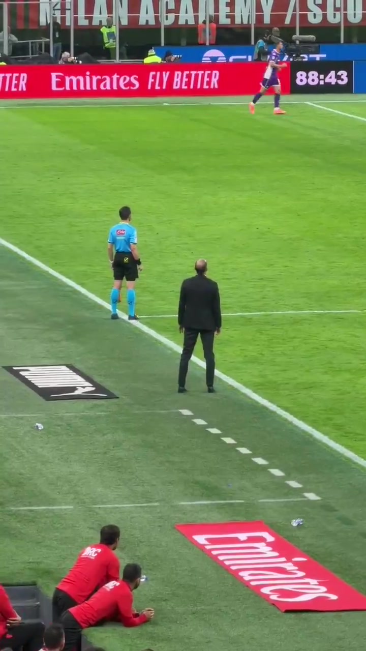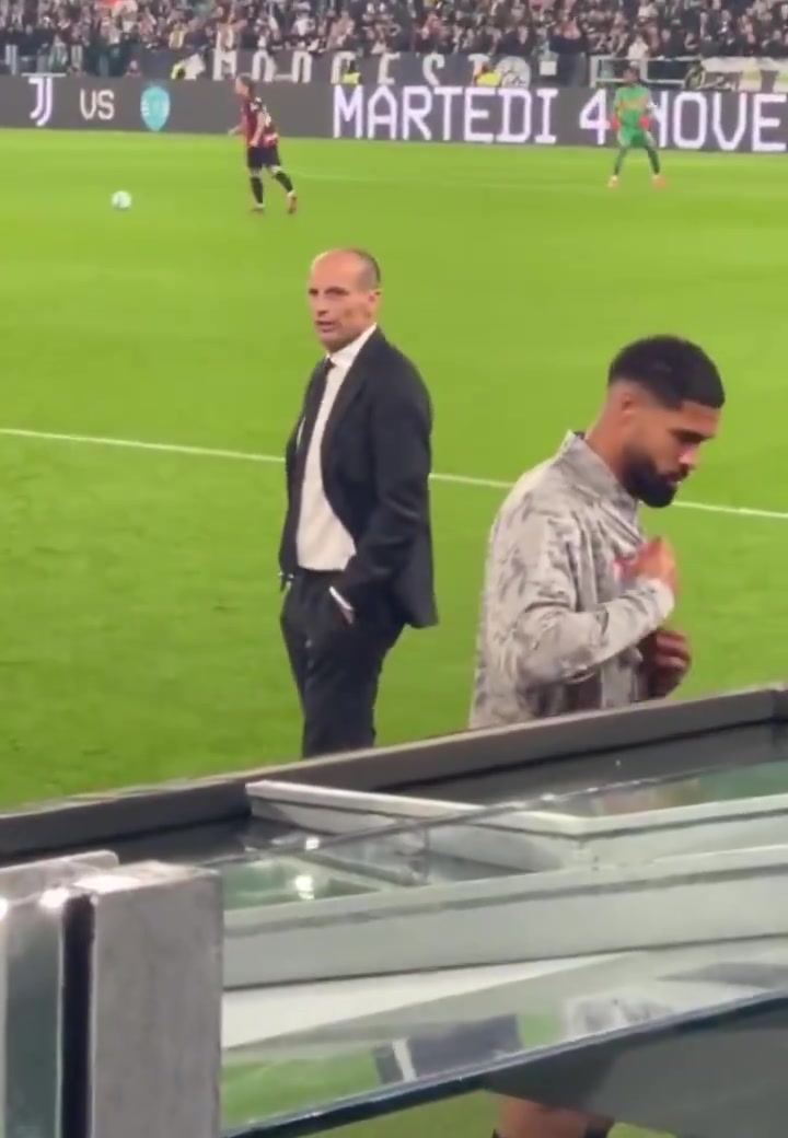 球迷实拍阿莱格里在场边呼叫球员登场
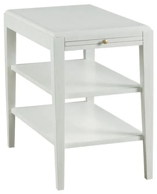 Finished in Pearl with one pull-out shelf and two fixed shelves.
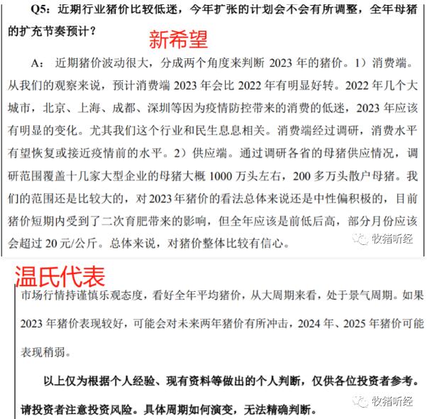 回顧去年,養(yǎng)殖端是什么心態(tài)?Q1中提到,1-3月份喊大家補欄仔豬,奈何敢動手的不多。說明什么問題?養(yǎng)殖端去年整體悲觀,年初能看到20的人都是神。然而,隨著行情的走向,養(yǎng)殖端的心態(tài)開始發(fā)生了明顯的變化。站在當前看去年,我們可以理解為去年上半年行業(yè)對市場很悲觀,下半年隨著豬價的飛升,養(yǎng)殖端開始集體壓欄賭漲,客觀的講不能用賭,畢竟都是為了一頭豬多賣點錢,可以說是追求量(體重增長)價(價格增加)利潤,而當全行業(yè)都在集中干這一件事時,擊鼓傳花的游戲必定有玩不下去的一天,只是時間和契機的問題,現在回過頭來想想,何嘗不是如此?這里的準繩是什么,我們應該站在生意的角度,仔細思考這個問題。一句話總結,去年的心態(tài)是上半年極度悲觀,下半年極度樂觀,甚至是狂熱。而反觀今年,截至目前,養(yǎng)殖端的心態(tài)比去年上半年要好,讓筆者給養(yǎng)殖心態(tài)下個定義的話,應該算謹慎樂觀吧。這體現在以下幾個方面:其一,仔豬的價格明顯高于去年同期,為何?一則,當前外購仔豬價格與自繁自養(yǎng)成本相差無幾,那么對于追求擴規(guī)模,做大營收的養(yǎng)殖企業(yè)而言,未嘗不是一種好的選擇。有鑒于此,仔豬年后價格沒有跟隨肥豬價格進一步走低,反而較年前增加了50-100元/頭。這又說明什么?側面證明養(yǎng)殖端對后市并不悲觀。二則,年后仔豬迎來季節(jié)性補欄,有了去年的前車之鑒,很多人的心態(tài)和心理預期會有調整,去年錯過了,今年不能再錯過了,現在的價格抓豬苗,似乎風險也不大,就開始干了,仔豬價格有了支撐,是與不是?其二,我們看一下大企業(yè)對今年豬市的整體判斷,這表明了規(guī)模企業(yè)對后市的預期,也影響著他們年初所制定的經營策略。
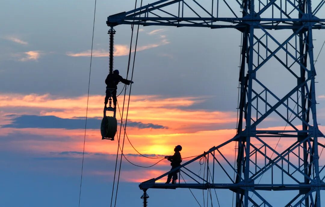 10月15日,衡阳市蒸湘区雨母山镇,施工人员在进行高塔架线作业。曹正平 彭国平 摄(湖南图片库)
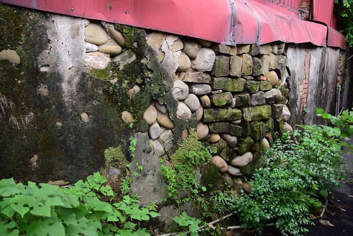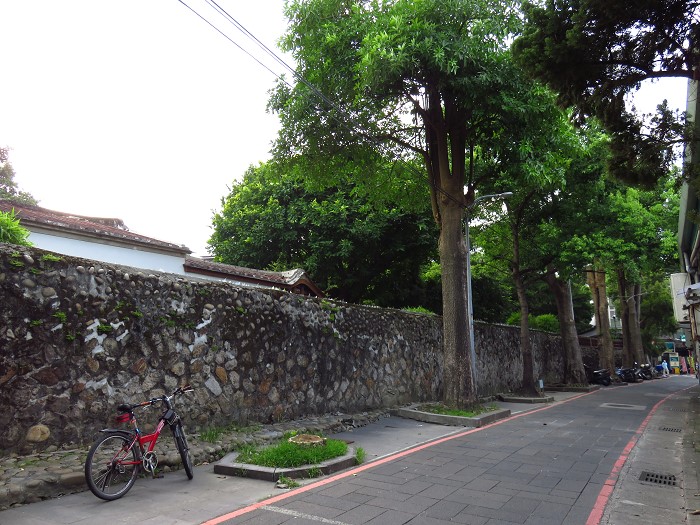 西門路上的人行道頗為寬敞,路過文昌街口,林家花園靜臥在左手邊古老的牆桓裡面,亭台樓閣、山水池魚,美輪美奐的古典建築,收藏了多少板橋城裡的故事!林家花園大門前不能停單車,我把單車停在一整排白千層的街角處,然後漫步走過再次出現的古城界址,穿梭時光般的遊歷林家當年的風華日子。來青閣、月波水榭、榕蔭大池、敬字亭 . . . 突然想起了,林家當年捐建台北府城小南門,南來北往的歲月更迭。林家花園邊有個林園停車場,聽說遺落了一小段古城牆,慢步走過整齊的停車位,那一整排現代汽車後方,卵石與方正的城牆石交壘出一小面牆,看來老有年紀。牆上壓著現在城市常見的鐵皮屋,板橋的歷史,斑駁如昔。
########
AIM OF THE EXERCISE: Begin at the top of the records above and retype each line exactly until the line containing "Finished in Pearl", which is included. Skip all pictures.

RESPONSE TO THIS EXERCISE:
 球迷实拍阿莱格里在场边呼叫球员登场
 Finished in Pearl with one pull-out shelf and two fixed shelves.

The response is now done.